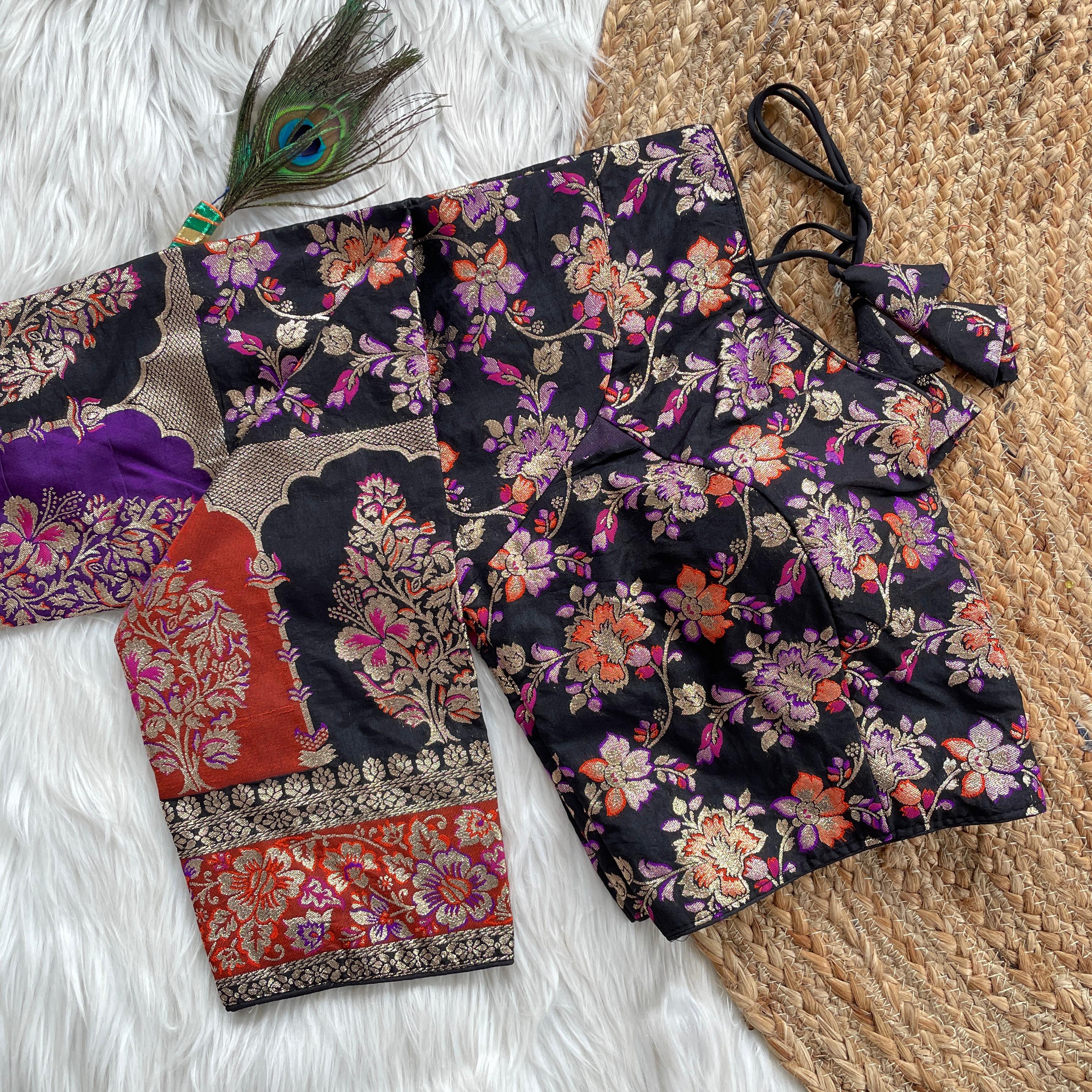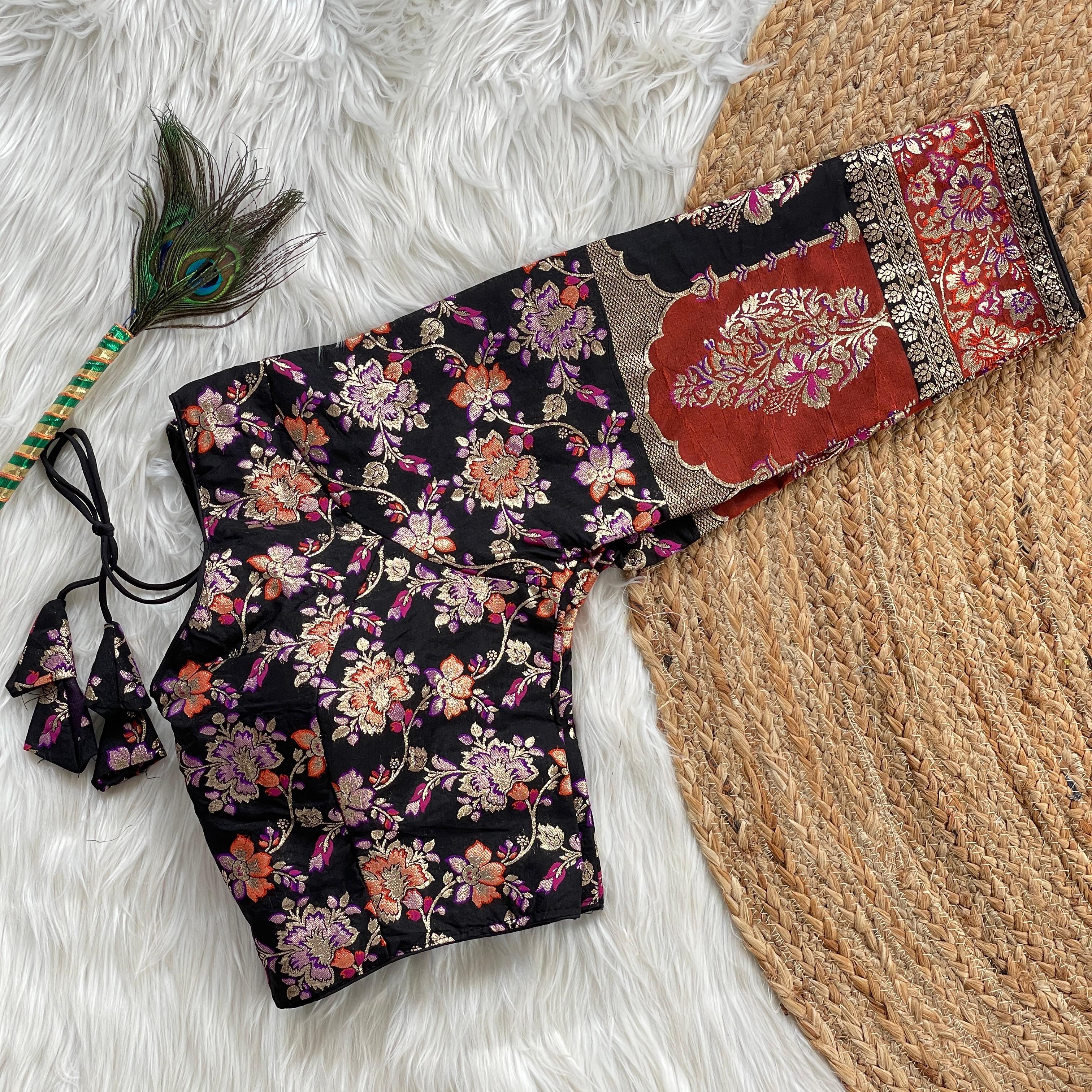 Readymade Designer Long Sleeves Pure Dola Silk With Multicolour Weaving Blouse
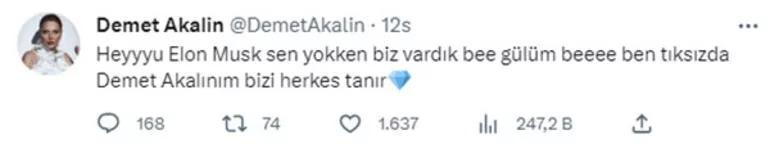 Twitter'de 6.7 milyon takipçisi bulunan şarkıcı Demet Akalın, bu duruma tepki göstererek; "Heyyyu Elon Musk, sen yokken biz vardık be gülüm. Ben tıksız da Demet Akalın'ım, bizi herkes tanır" mesajını paylaşmıştı.
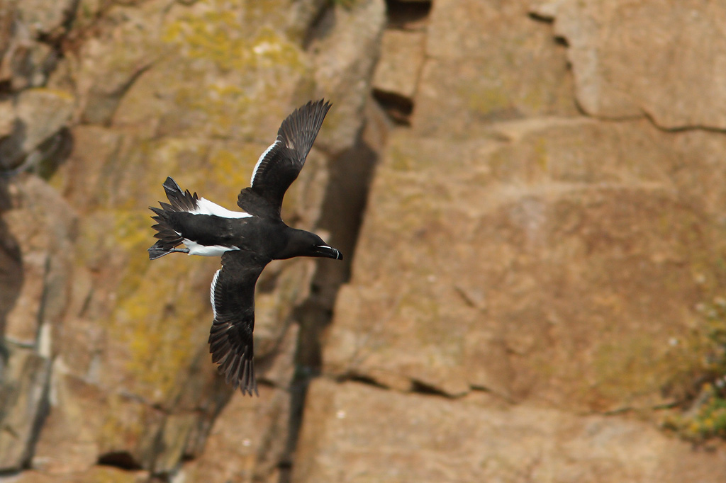 Beskrivelse: Efterhånden yngler der mellem 50 og 100 par alke på klippekysten omkring Hammeren. Billedet taget fra en gyngende jolle.
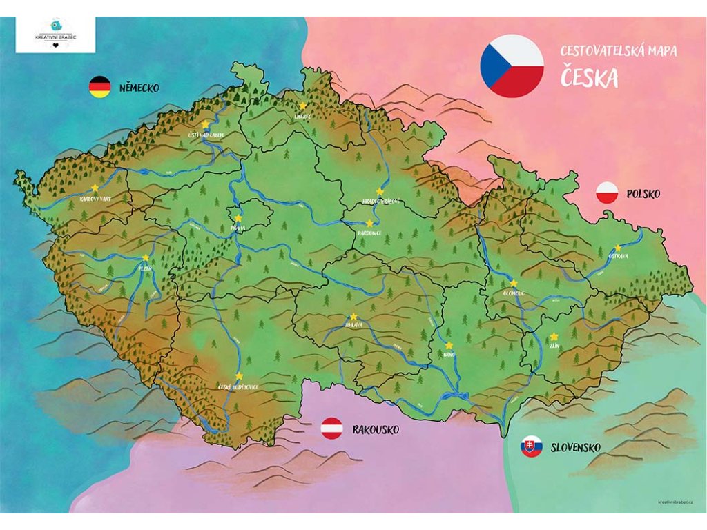 Kromě krajských měst, krajiny a pohoří jsme dokreslili do mapy i naše hlavní řeky. Je velmi zábavné ukazovat dětem, kde jsme vlastně v těch Čechách byli a sami jsme překvapeni tím, jak znají všechna ta úžasná místa, ale netuší, kde se nacházejí na mapě nebo v kterém kraji.
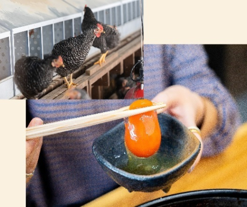和歌山のブランド鶏「紀の国みかんどり」和歌山で採れたみかんの果皮を乾燥させて飼料にし、その飼料で自然豊かな山麓ですくすくと育った元気鶏です。
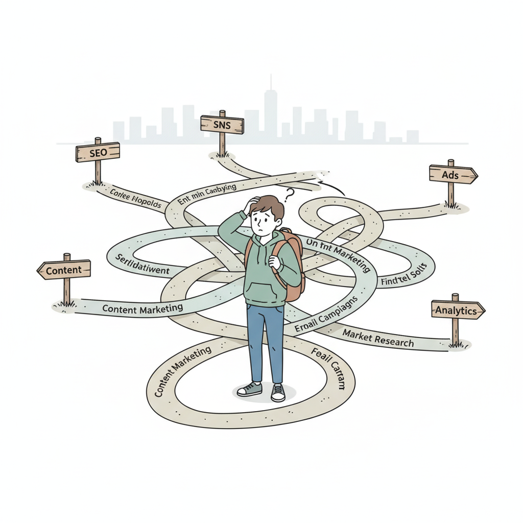 マーケティング学習で最も多い失敗は、すぐに結果が出そうだからと「SEOで勝つ方法」や「バズるSNS運用術」といった「戦術(How)」の本から入ってしまうことです。
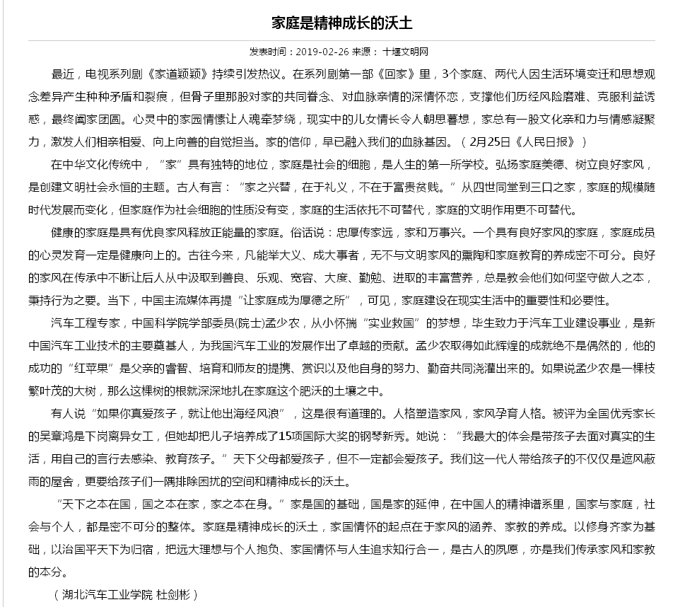 【十堰文明网】家庭是精神成长的沃土
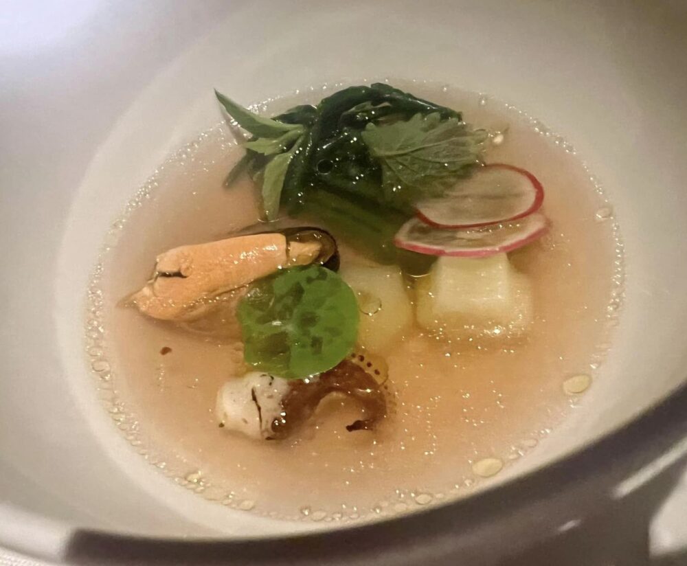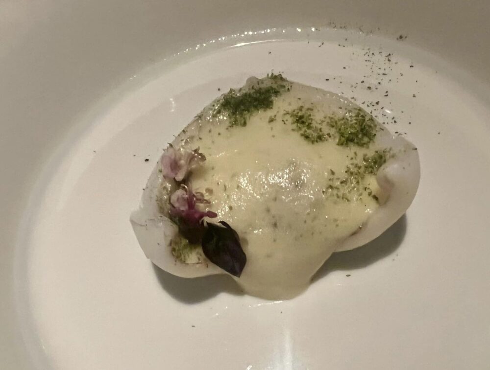 Gli apetizer, fatti di tanti piccoli bocconi, eleganti, concentrati, sono pensati per accompagnare un calice di bollicine. Asparagi bianchi, limone amalfitano e gambero rosso di Mazara, convincent,e con un lavoro notevole sulla parte vegetale, vera protagonista di questo piatto e da una materia prima nobile come il gambero rosso di Mazara.
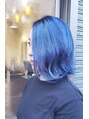 海外ニュアンスのホワイトブルーヘアカラーのボブです!インナー部分はネイビーで色抜けしてくるとグレーになってきます!ダブルブリーチで透明感をだしたクールボブです!
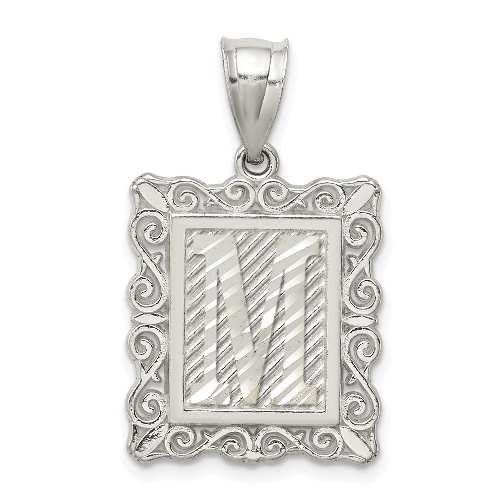 Sterling Silver Square Diamond-cut Letter M Initial Pendant

Work instructions -
Nothing but the lines from the beginning of the material above through the line containing "Twitter'de 6.7 milyon" should appear in the answer, copied exactly and free of pictures.

Written response -
 Readymade Designer Long Sleeves Pure Dola Silk With Multicolour Weaving Blouse
 Twitter'de 6.7 milyon takipçisi bulunan şarkıcı Demet Akalın, bu duruma tepki göstererek; "Heyyyu Elon Musk, sen yokken biz vardık be gülüm. Ben tıksız da Demet Akalın'ım, bizi herkes tanır" mesajını paylaşmıştı.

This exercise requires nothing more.